To further differentiate hIEC progenitors into mature and functional hIECs similar to their in vivo counterparts, we used the Wnt signaling inhibitor, Wnt-C59, and the Notch signaling agonist, valproic acid (VPA) (Fig. 1A), because Wnt inhibition and Notch activation contribute to differentiation into absorptive pre-epithelial cells in hSI (21). We cultured monolayers of hIEC progenitors with either hIEC medium 1 or hIEC medium 2 containing Wnt-C59 and VPA using the Transwell system. Morphological examination of the hIECs differentiated in hIEC medium 1 (immature hIECs) and hIEC medium 2 (functional hIECs) revealed that the functional hIECs were polygonal and had epithelial-like morphology (Fig. 1B). The functional hIECs showed significantly higher mRNA levels of intestinal transcription factors (CDX2, SOX9, and ISX) and intestinal cell type–specific markers than immature hIECs (Fig. 1D). In contrast, the expression level of all ISC markers was lower in the functional hIECs than in immature hIECs (Fig. 1D), implying that the hIEC progenitors differentiated into more specialized cells in hIEC medium 2. VIL1 expression in functional hIECs remained lower than that in Caco-2 cells, which undergo spontaneous differentiation into enterocytes when grown on Transwell inserts, while the expression levels of secretory cell type–specific markers (LYZ, MUC2, and CHGA) were higher than those in Caco-2 (Fig. 1D). Most VIL1-expressing enterocytes were observed in 28.80 ± 3.80% in immature hIECs, 68.81 ± 3.34% in functional hIECs, and 72.24 ± 6.17% in Caco-2 (Fig. 1E). There are 2.10 ± 0.33% LYZ+ Paneth cells, 14.35 ± 2.03% MUC2+ goblet cells, and 1.85 ± 0.12% CHGA+ enteroendocrine cells in functional hIECs, whereas only few cells were VIL1 positive in immature hIECs (Fig. 1E). Flow cytometry analysis revealed results similar to that obtained by immunostaining, indicating that cell populations undergo dynamic changes during differentiation (fig. S2).

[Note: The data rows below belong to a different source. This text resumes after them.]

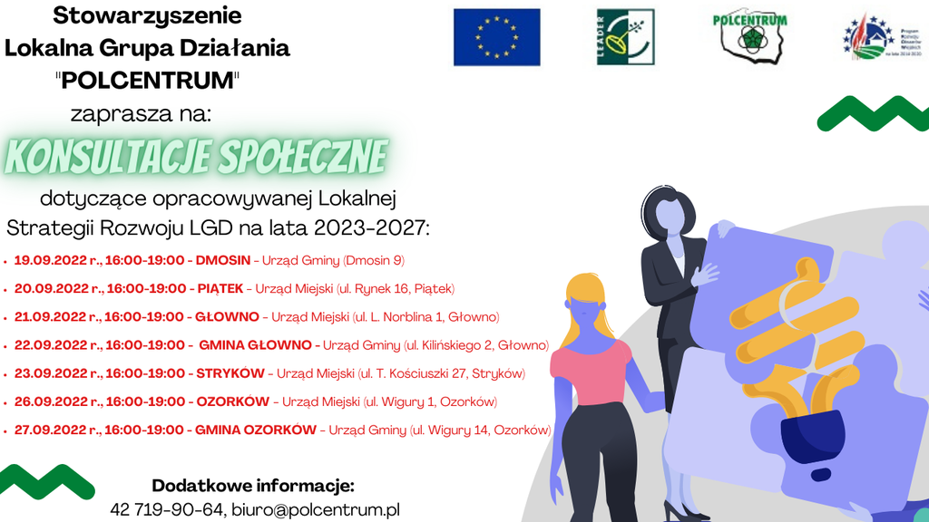 w ramach opracowywanej Lokalnej Strategii Rozwoju Lokalnej Grupy Działania „POLCENTRUM” na lata 2023 – 2027, serdecznie zapraszamy na konsultacje społeczne, które są poświęcone w szczególności analizie potrzeb rozwojowych i potencjału danego obszaru, a także celów strategii, w tym wymiernych celów końcowych dotyczących rezultatów oraz odnośnych planowanych działań.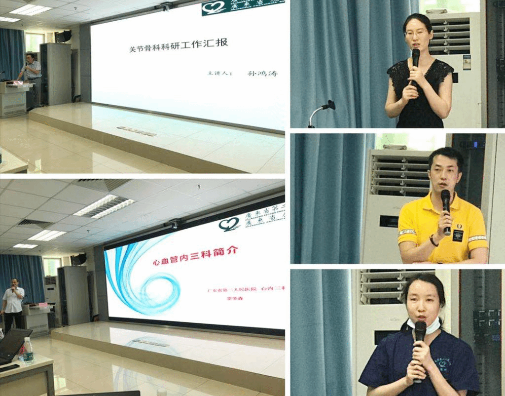 广东省第二人民医院11个科室(脊柱外科、神经外科、心血管内二科、心血管内三科、神经内科、关节科、整形美容科、口腔科、康复医学科、介入科、超声科)的科研核心人员相继介绍科室的科学研究工作,从临床医学的角度不断提出自己的困惑以及需求。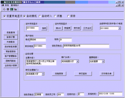 。。客戶打入電話后,當(dāng)系統(tǒng)的自動(dòng)語音應(yīng)答子系統(tǒng)無法解決客戶問題時(shí),客戶可選擇人工服務(wù),由航空公司客戶服務(wù)代表直接接聽客戶電話,處理并解決客戶問題。此時(shí)客戶同座席話務(wù)人員直接溝通,并同時(shí)記錄下該客戶的聯(lián)系方式,將相關(guān)數(shù)據(jù)添加入系統(tǒng)數(shù)據(jù)庫(kù);也可以在數(shù)據(jù)庫(kù)的支持下回答機(jī)場(chǎng)航班/航空貨運(yùn)信息及相關(guān)規(guī)定等的咨詢和疑問、訂座/訂艙?蛻粢部梢赃x擇自動(dòng)語音服務(wù)方式,根據(jù)系統(tǒng)的語音提示輸入按鍵,選擇類別,將自己的投訴和建議以及自己的聯(lián)系方式信息以留言錄音的方式保存在系統(tǒng)中。系統(tǒng)同時(shí)還支持自動(dòng)傳真方式,客戶可以通過傳真機(jī)進(jìn)入本系統(tǒng),通過按鍵選擇傳真方式,將自己的意見建議等的文本內(nèi)容傳真給系統(tǒng),系統(tǒng)自動(dòng)接受并存入數(shù)據(jù)庫(kù)。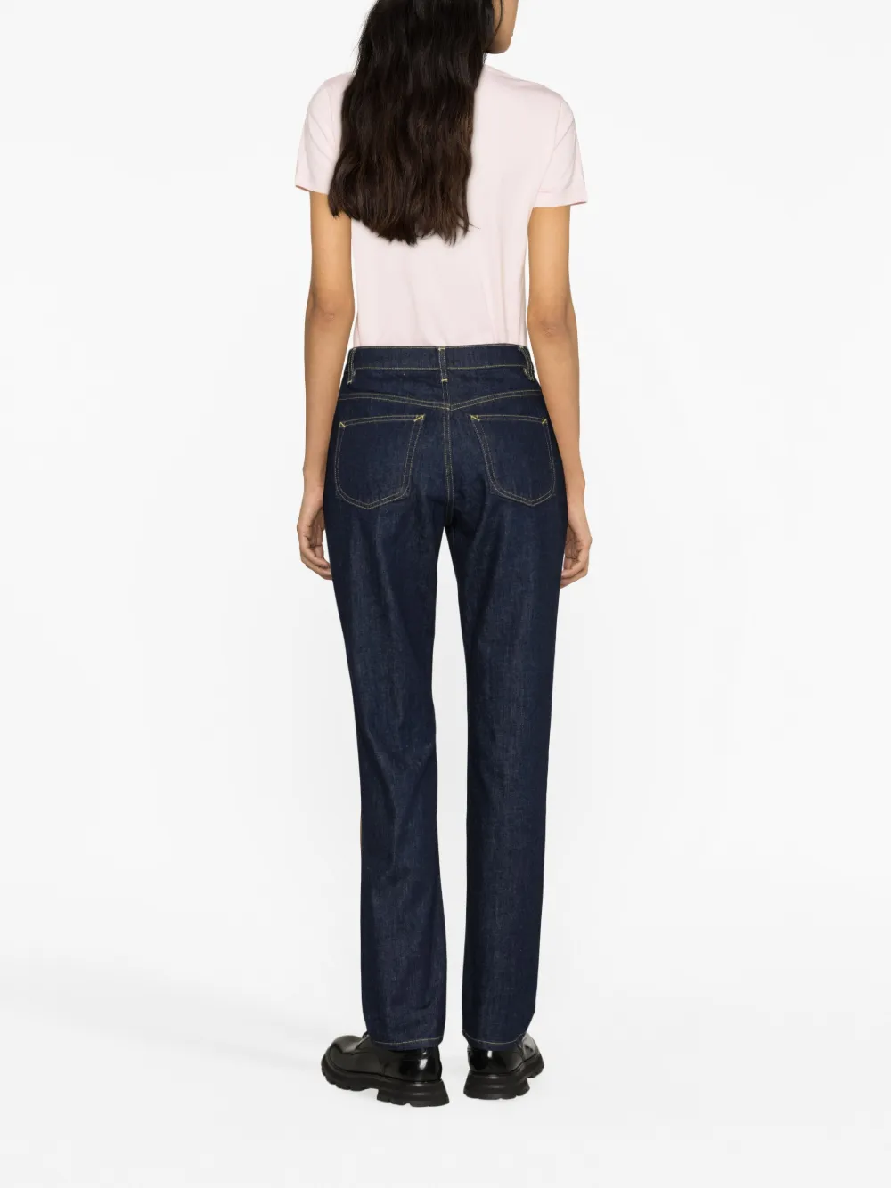 Индиго, хлопок, деним, контрастная строчка, средняя посадка, петли для ремня, ширинка на пуговицах, пять карманов, нашивка с логотипом сзади и прямой крой.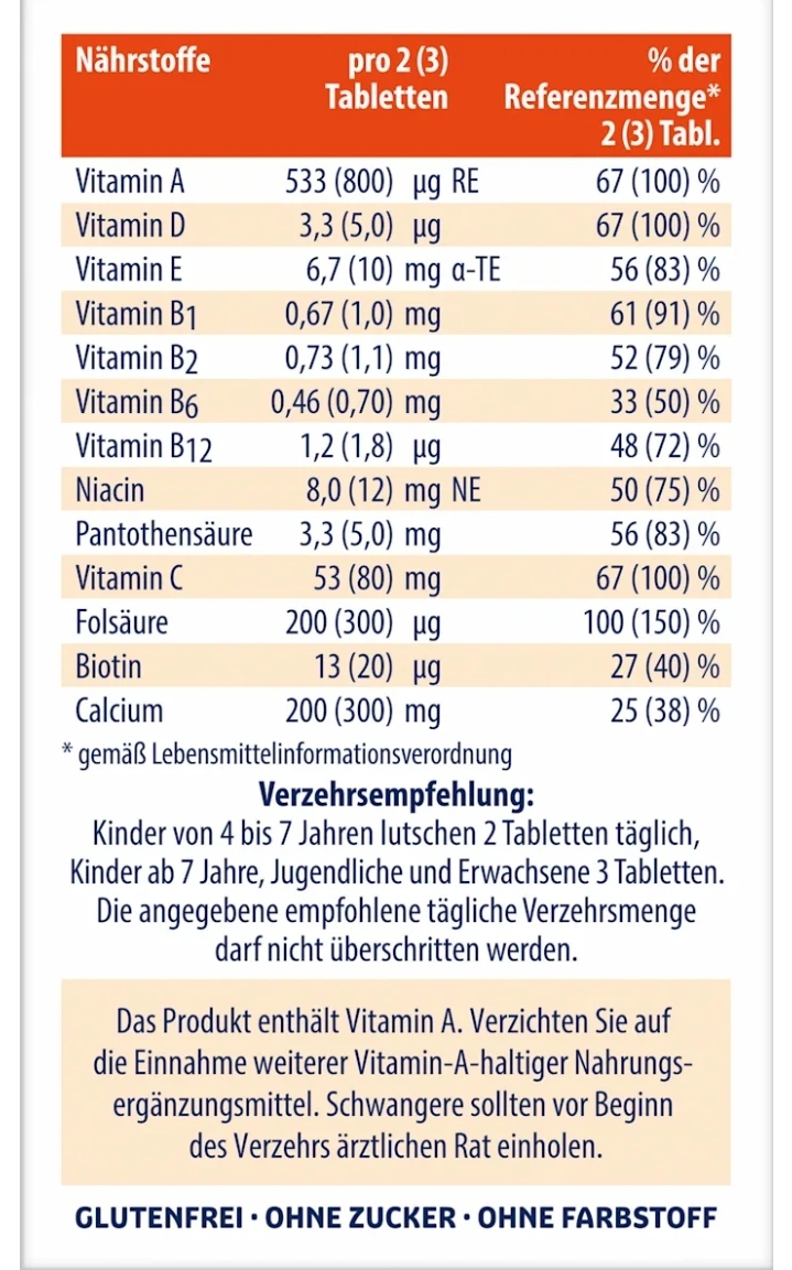 این مکمل حاوی ترکیبی از ویتامین ها و کلسیم است. پاستیل ها بدون قند و گلوتن هستند.

Although we detected significantly more intestinal epithelial cell types in functional hIECs than in immature hIECs, reports indicate that inactivation of the Wnt pathway and activation of the Notch pathway suppress differentiation of ISCs into secretory cells (14, 15). To explain this discrepancy, we analyzed the expression level of proteins downstream of WNT and NOTCH, such as β-catenin, cleaved NOTCH1, and HES1. The expression of β-catenin was specifically inhibited by WNT C-59 (Fig. 1F). However, the expression levels of cleaved NOTCH1 and HES1, the downstream proteins of NOTCH pathway, significantly suppressed upon cotreatment of VPA with WNT C-59 even after notable enhancement of Notch signaling by single treatment with VPA (Fig. 1F). It is speculated that differentiation of hIEC progenitors into functional hIECs is triggered by the inhibition of WNT pathway, while the fate of differentiating into absorptive or secretory lineage cells depends on the activity of the NOTCH pathway. Together, in contrast with other small intestinal epithelial models comprising only absorptive enterocytes, our system allows study of in vivo–like intestinal tissue.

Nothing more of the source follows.